**What is required**
Where the records contain images, omit them, and repeat everything else word for word.

**Information given**
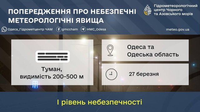 Вздовж узбережжя Одещини вночі та вранці 27 березня очікується туман, видимість 500-1000 м.
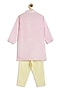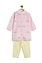 Featuring a purple kurta for boys in viscose base with embroidery. It is paired with cotton pyjama pants. Style it with juttis and a watch for a festive occasion.
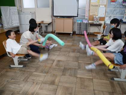 3組は足の甲でウレタンバーを蹴り上げる動きの練習をしていました。
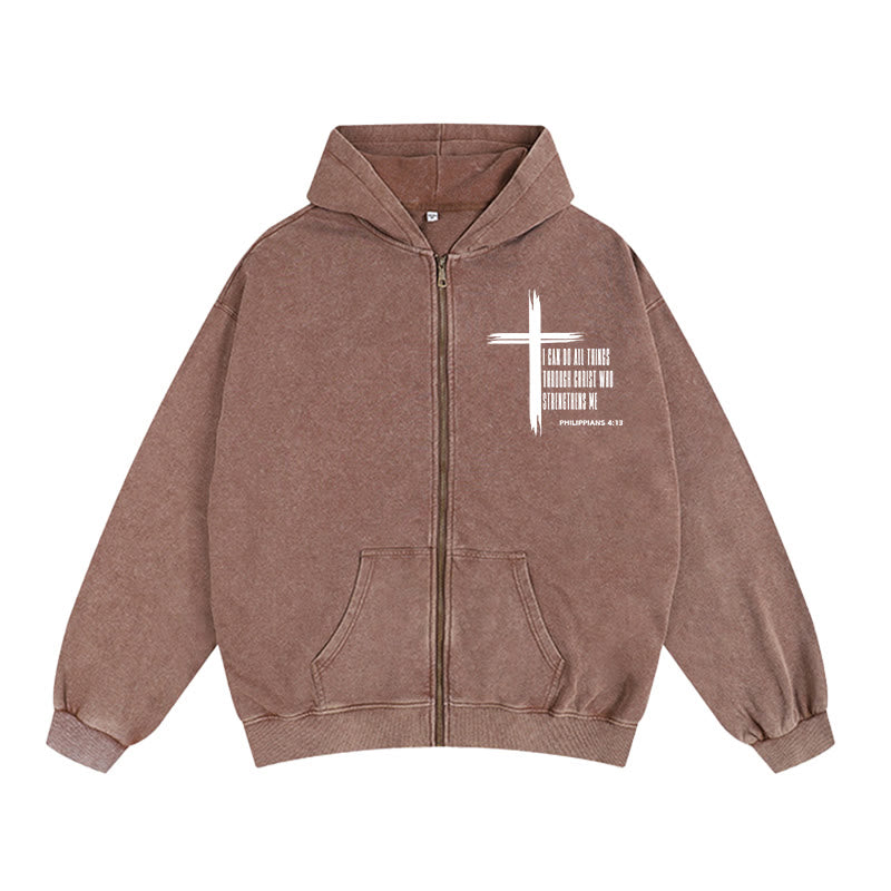 This “Scripture Cross” Hooded Jacket merges biblical inspiration with everyday comfort—featuring a cross graphic paired with the Philippians 4:13 verse “I can do all things through Christ who strengthens me”, embodying spiritual encouragement and faith-driven resilience. Made from soft, washed fabric for all-day wear, it’s ideal for expressing faith in daily life, at gatherings, or while relaxing.
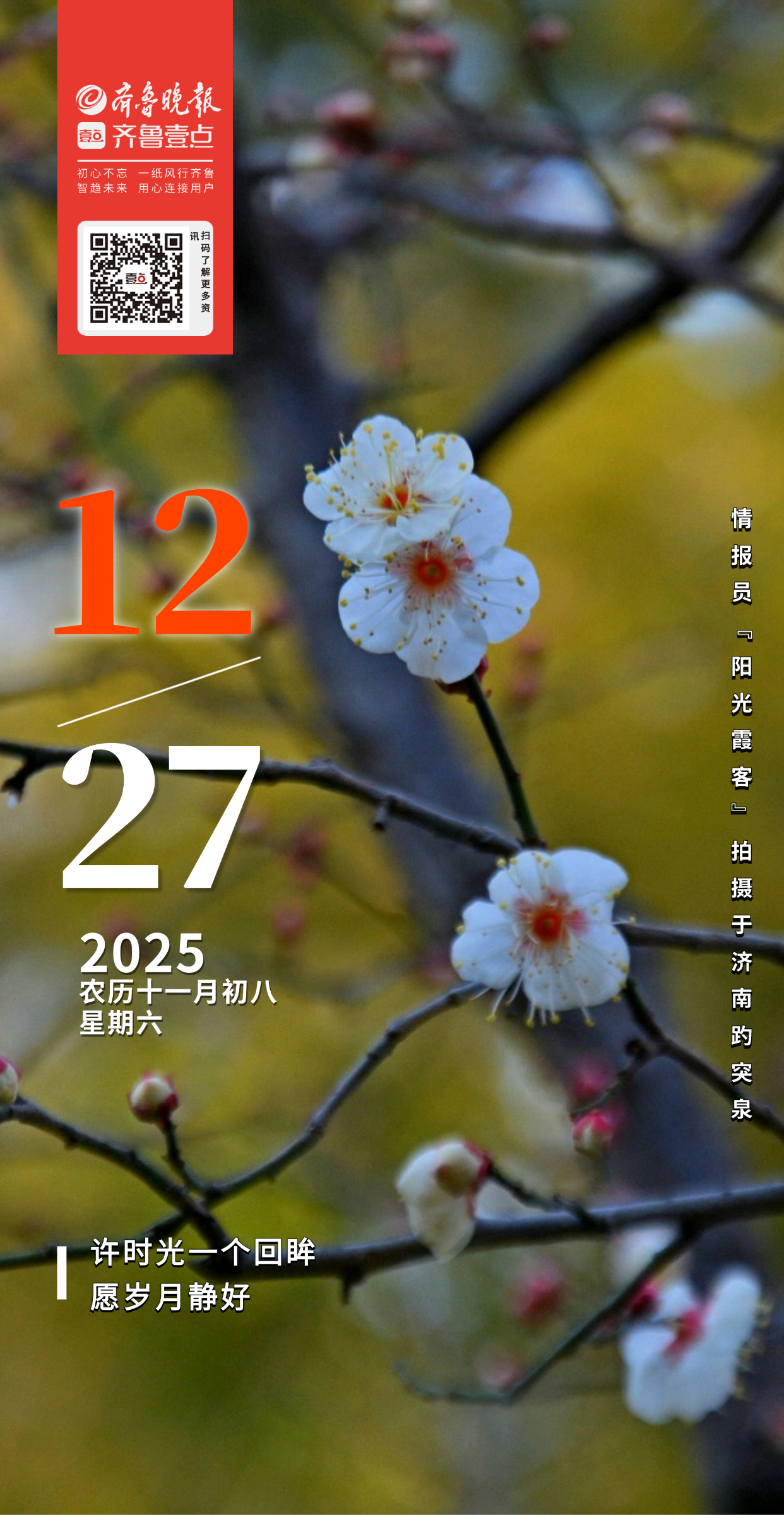 【参与方式】:通过“齐鲁壹点”APP,在情报站参与话题#壹点日历摄影作品征集,红包好礼等你#发送作品及详细介绍(1)拍摄地点(2)拍摄场景(3)拍摄月份日期(4)作品说明即可。
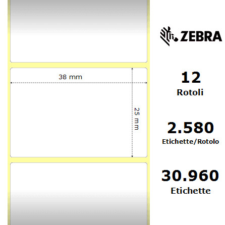 Zebra Z-Perform 1000T rotolo etichette 38×25 f25
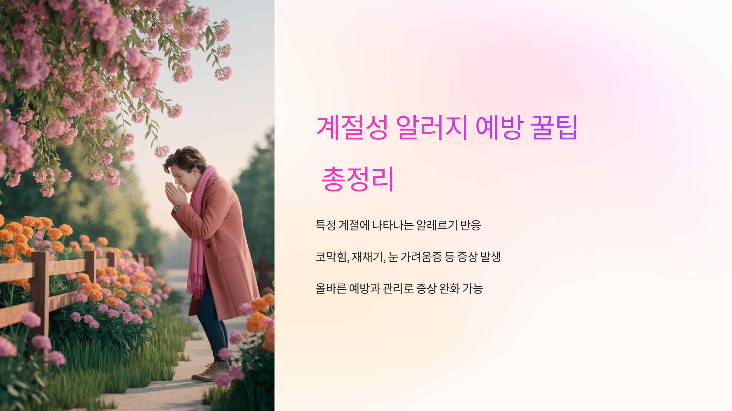 계절성 알러지는 관리와 예방을 통해 충분히 증상을 줄일 수 있어요. 외출 시 마스크 착용, 실내 공기 관리, 올바른 약물 사용을 통해 건강하게 환절기를 보낼 수 있답니다. 🌸
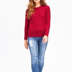WINE BURGUNDY RED KNIT ROUND NECK LONG SLEEVE SWEA

**Exercise solution**
 Вздовж узбережжя Одещини вночі та вранці 27 березня очікується туман, видимість 500-1000 м.
 Featuring a purple kurta for boys in viscose base with embroidery. It is paired with cotton pyjama pants. Style it with juttis and a watch for a festive occasion.
 3組は足の甲でウレタンバーを蹴り上げる動きの練習をしていました。
 This “Scripture Cross” Hooded Jacket merges biblical inspiration with everyday comfort—featuring a cross graphic paired with the Philippians 4:13 verse “I can do all things through Christ who strengthens me”, embodying spiritual encouragement and faith-driven resilience. Made from soft, washed fabric for all-day wear, it’s ideal for expressing faith in daily life, at gatherings, or while relaxing.
 【参与方式】:通过“齐鲁壹点”APP,在情报站参与话题#壹点日历摄影作品征集,红包好礼等你#发送作品及详细介绍(1)拍摄地点(2)拍摄场景(3)拍摄月份日期(4)作品说明即可。
 Zebra Z-Perform 1000T rotolo etichette 38×25 f25
 계절성 알러지는 관리와 예방을 통해 충분히 증상을 줄일 수 있어요. 외출 시 마스크 착용, 실내 공기 관리, 올바른 약물 사용을 통해 건강하게 환절기를 보낼 수 있답니다. 🌸
WINE BURGUNDY RED KNIT ROUND NECK LONG SLEEVE SWEA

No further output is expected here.